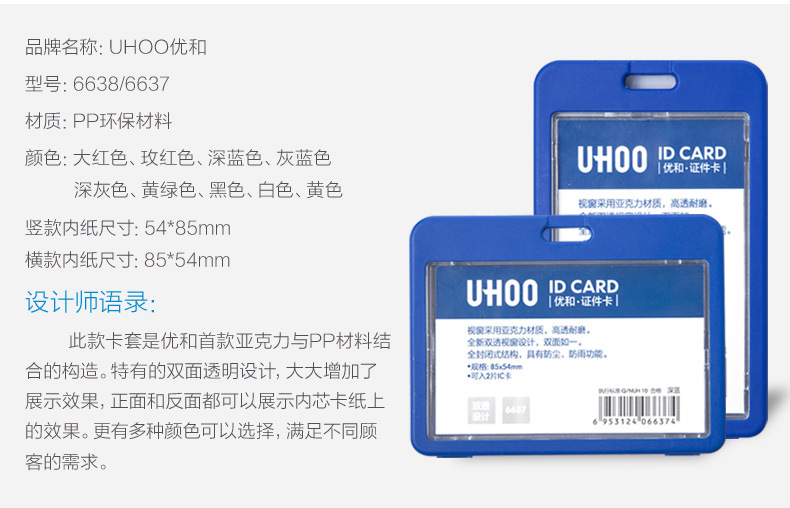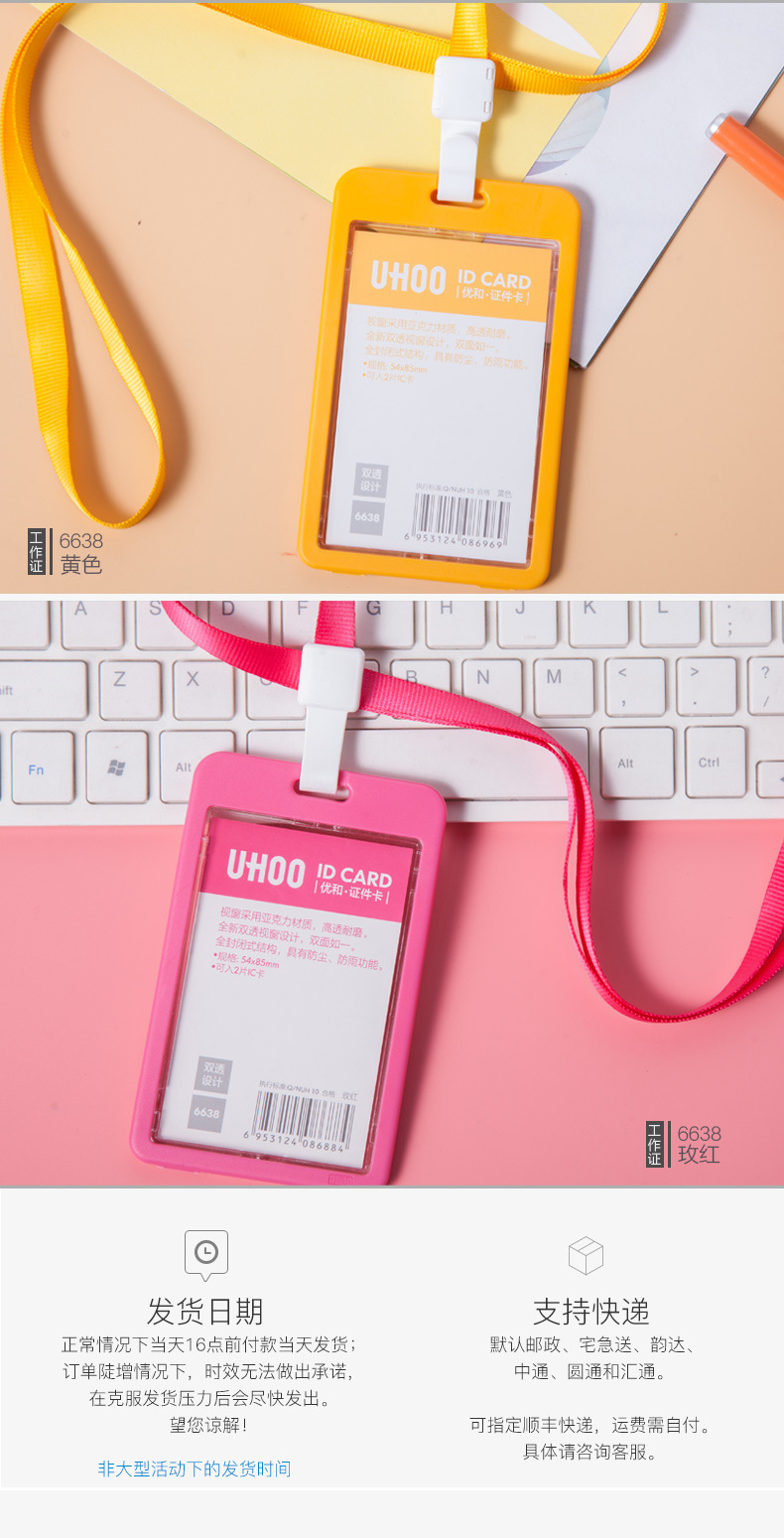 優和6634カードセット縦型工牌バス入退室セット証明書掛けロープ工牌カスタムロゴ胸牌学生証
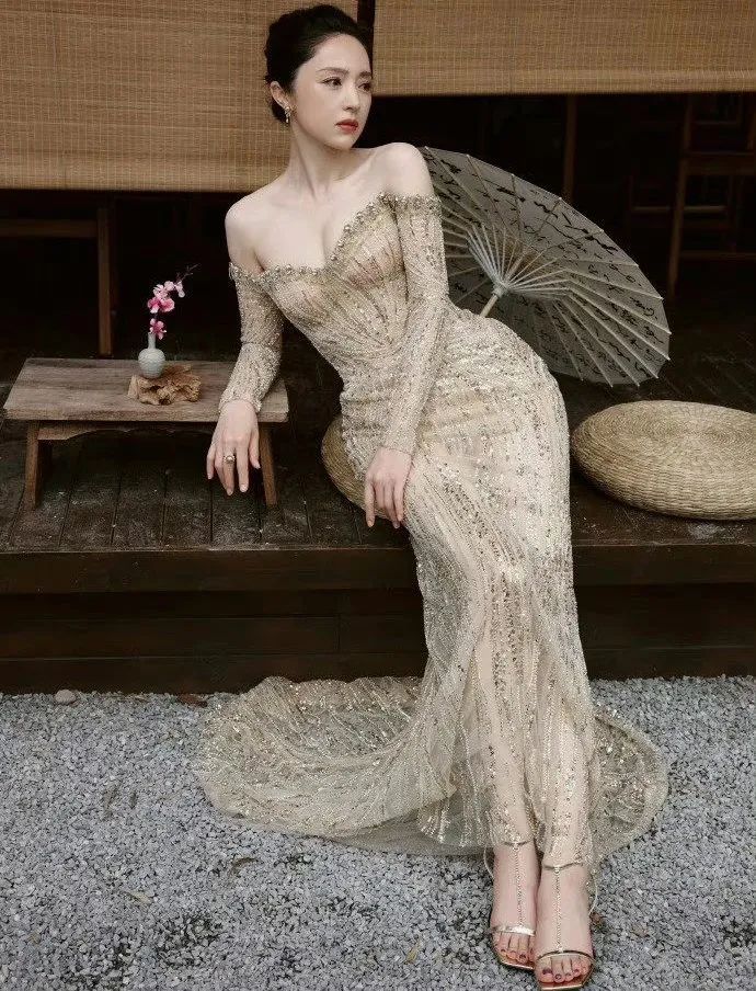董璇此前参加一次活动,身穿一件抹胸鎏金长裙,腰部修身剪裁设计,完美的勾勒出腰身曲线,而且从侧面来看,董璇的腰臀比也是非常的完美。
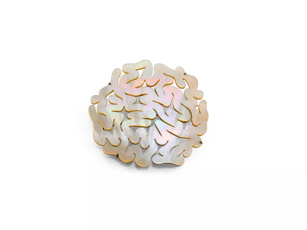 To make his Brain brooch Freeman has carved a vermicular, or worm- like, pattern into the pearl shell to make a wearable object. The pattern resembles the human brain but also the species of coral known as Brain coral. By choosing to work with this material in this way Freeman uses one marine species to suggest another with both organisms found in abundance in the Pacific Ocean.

### Work instruction
Leave the pictures out and transcribe the remaining material exactly.

### Written answer
 優和6634カードセット縦型工牌バス入退室セット証明書掛けロープ工牌カスタムロゴ胸牌学生証
董璇此前参加一次活动,身穿一件抹胸鎏金长裙,腰部修身剪裁设计,完美的勾勒出腰身曲线,而且从侧面来看,董璇的腰臀比也是非常的完美。
 To make his Brain brooch Freeman has carved a vermicular, or worm- like, pattern into the pearl shell to make a wearable object. The pattern resembles the human brain but also the species of coral known as Brain coral. By choosing to work with this material in this way Freeman uses one marine species to suggest another with both organisms found in abundance in the Pacific Ocean.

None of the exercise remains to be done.